Brain Cowen made an impassioned plea for forgiveness as he appeared to exit the political stage at the end of his two days of evidence. Claiming he had done his duty as he saw it, he said it was his privilege to serve in Government describing being Taoiseach as the highest honour.

He paid tribute to the public servants who served his government during the most difficult economic period. He then paid special tribute to the late Brian Lenihan and the Attorney General of the day, Paul Gallagher SC, who is set to give evidence to the inquiry next week.

In a scripted address to the committee, he said what always moved him was to do his best for his country and its people.

Brian Cowen on:

"When we made that decision money stopped going out and not only did money stop going out, money came back in and it stabilised the situation and bought time." - In reference to the bank guarantee.

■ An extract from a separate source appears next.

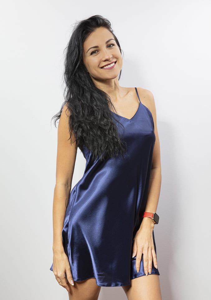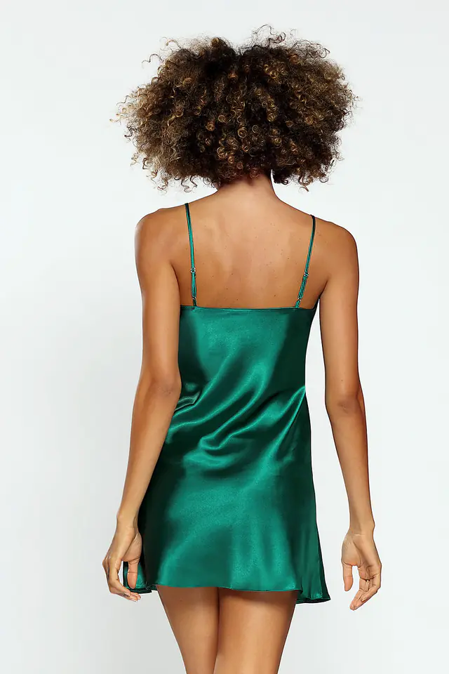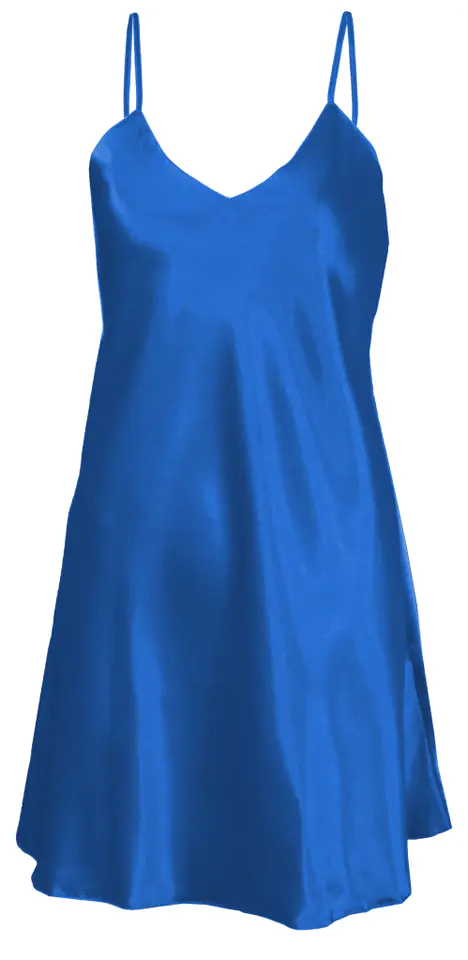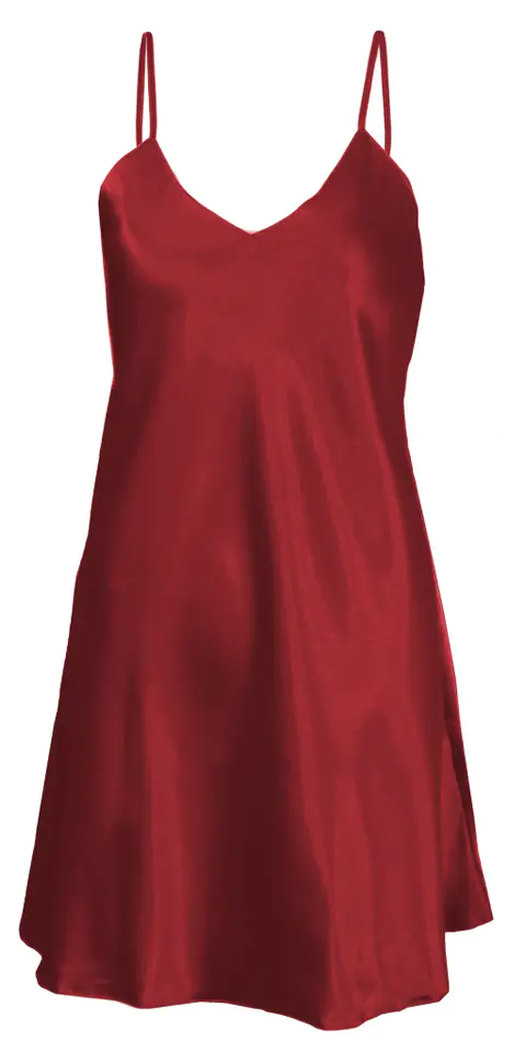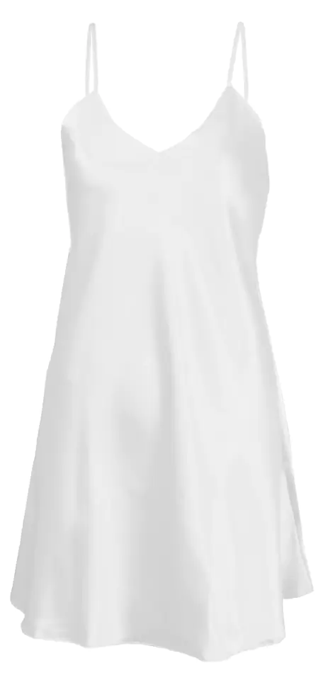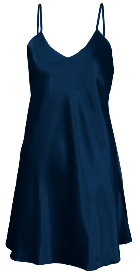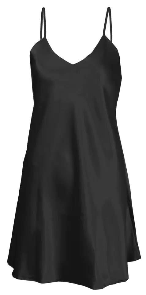 GŁADKA HALKA USZYTA ZE ZWIEWNEJ SATYNY. PRZÓD HALKI TWORZY DELIKATNY TRÓJKĄTNY DEKOLT. RAMIĄCZKA SĄ CIENKIE I REGULOWANE.

"No I hadn't my mind made up going into the meeting." - The guarantee decision was not made in advance.

"We were talking the issue through. Both of us were deliberating with each other and striving to find the best course of action for the country at this point." - Cowen did not 'overule' Lenihan on Anglo.

"There were elements within the EU institutions who were providing inspired leaks to the media with that agenda in mind." - Some EU officials briefed against Ireland.

"As God is my witness … I wasn't discussing banking, I was discussing the economy." - That golf game with Sean FitzPatrick.